→ Work instructions:
May I please have every record restated word for word, with the images left out?

→ Material provided:
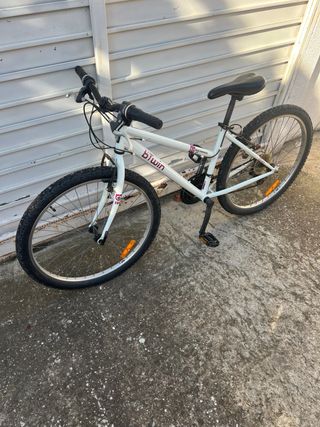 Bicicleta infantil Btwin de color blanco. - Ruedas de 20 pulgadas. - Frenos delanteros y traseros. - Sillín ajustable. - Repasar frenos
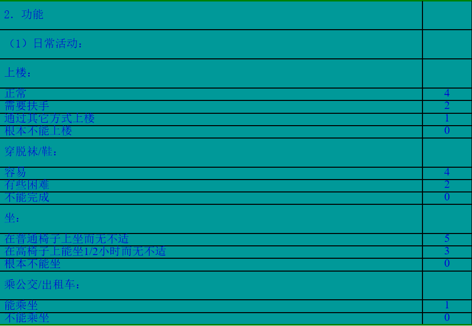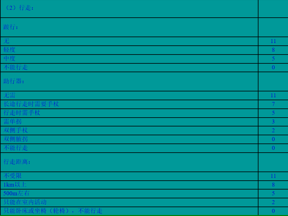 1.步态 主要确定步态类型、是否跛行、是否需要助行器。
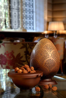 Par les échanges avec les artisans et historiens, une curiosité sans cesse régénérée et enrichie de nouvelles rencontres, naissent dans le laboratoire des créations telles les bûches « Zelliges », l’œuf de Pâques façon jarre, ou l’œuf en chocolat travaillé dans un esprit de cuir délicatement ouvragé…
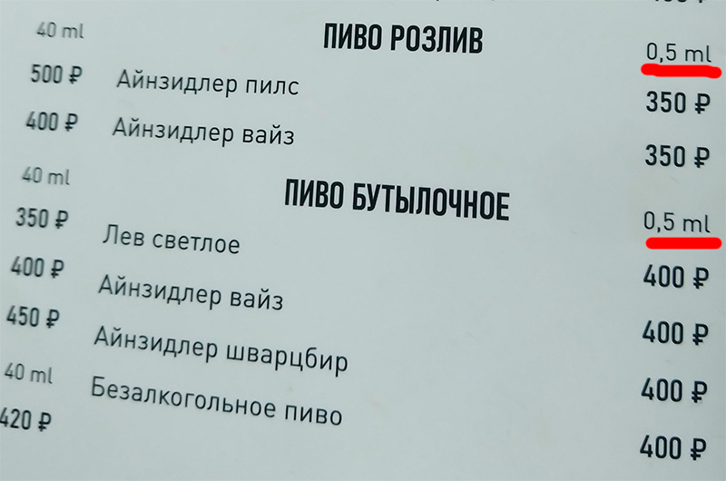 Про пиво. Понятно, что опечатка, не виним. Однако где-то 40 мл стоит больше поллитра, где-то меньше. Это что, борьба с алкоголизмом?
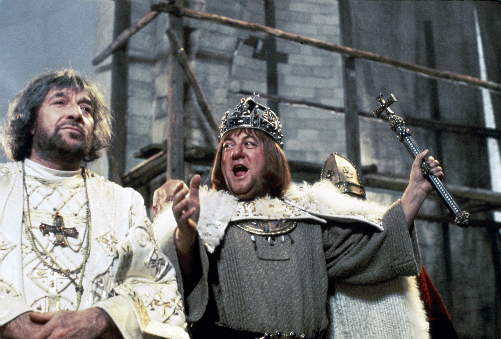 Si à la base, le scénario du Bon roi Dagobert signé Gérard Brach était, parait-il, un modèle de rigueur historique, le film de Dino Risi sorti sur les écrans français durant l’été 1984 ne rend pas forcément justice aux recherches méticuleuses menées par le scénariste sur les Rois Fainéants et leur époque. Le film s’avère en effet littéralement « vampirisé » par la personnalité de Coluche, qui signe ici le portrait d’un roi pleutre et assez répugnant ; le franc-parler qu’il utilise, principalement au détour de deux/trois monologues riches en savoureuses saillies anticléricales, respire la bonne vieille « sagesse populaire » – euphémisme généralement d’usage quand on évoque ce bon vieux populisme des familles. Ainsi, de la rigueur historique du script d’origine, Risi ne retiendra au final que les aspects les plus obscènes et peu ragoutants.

→ Result:
 Bicicleta infantil Btwin de color blanco. - Ruedas de 20 pulgadas. - Frenos delanteros y traseros. - Sillín ajustable. - Repasar frenos
 1.步态 主要确定步态类型、是否跛行、是否需要助行器。
 Par les échanges avec les artisans et historiens, une curiosité sans cesse régénérée et enrichie de nouvelles rencontres, naissent dans le laboratoire des créations telles les bûches « Zelliges », l’œuf de Pâques façon jarre, ou l’œuf en chocolat travaillé dans un esprit de cuir délicatement ouvragé…
 Про пиво. Понятно, что опечатка, не виним. Однако где-то 40 мл стоит больше поллитра, где-то меньше. Это что, борьба с алкоголизмом?
 Si à la base, le scénario du Bon roi Dagobert signé Gérard Brach était, parait-il, un modèle de rigueur historique, le film de Dino Risi sorti sur les écrans français durant l’été 1984 ne rend pas forcément justice aux recherches méticuleuses menées par le scénariste sur les Rois Fainéants et leur époque. Le film s’avère en effet littéralement « vampirisé » par la personnalité de Coluche, qui signe ici le portrait d’un roi pleutre et assez répugnant ; le franc-parler qu’il utilise, principalement au détour de deux/trois monologues riches en savoureuses saillies anticléricales, respire la bonne vieille « sagesse populaire » – euphémisme généralement d’usage quand on évoque ce bon vieux populisme des familles. Ainsi, de la rigueur historique du script d’origine, Risi ne retiendra au final que les aspects les plus obscènes et peu ragoutants.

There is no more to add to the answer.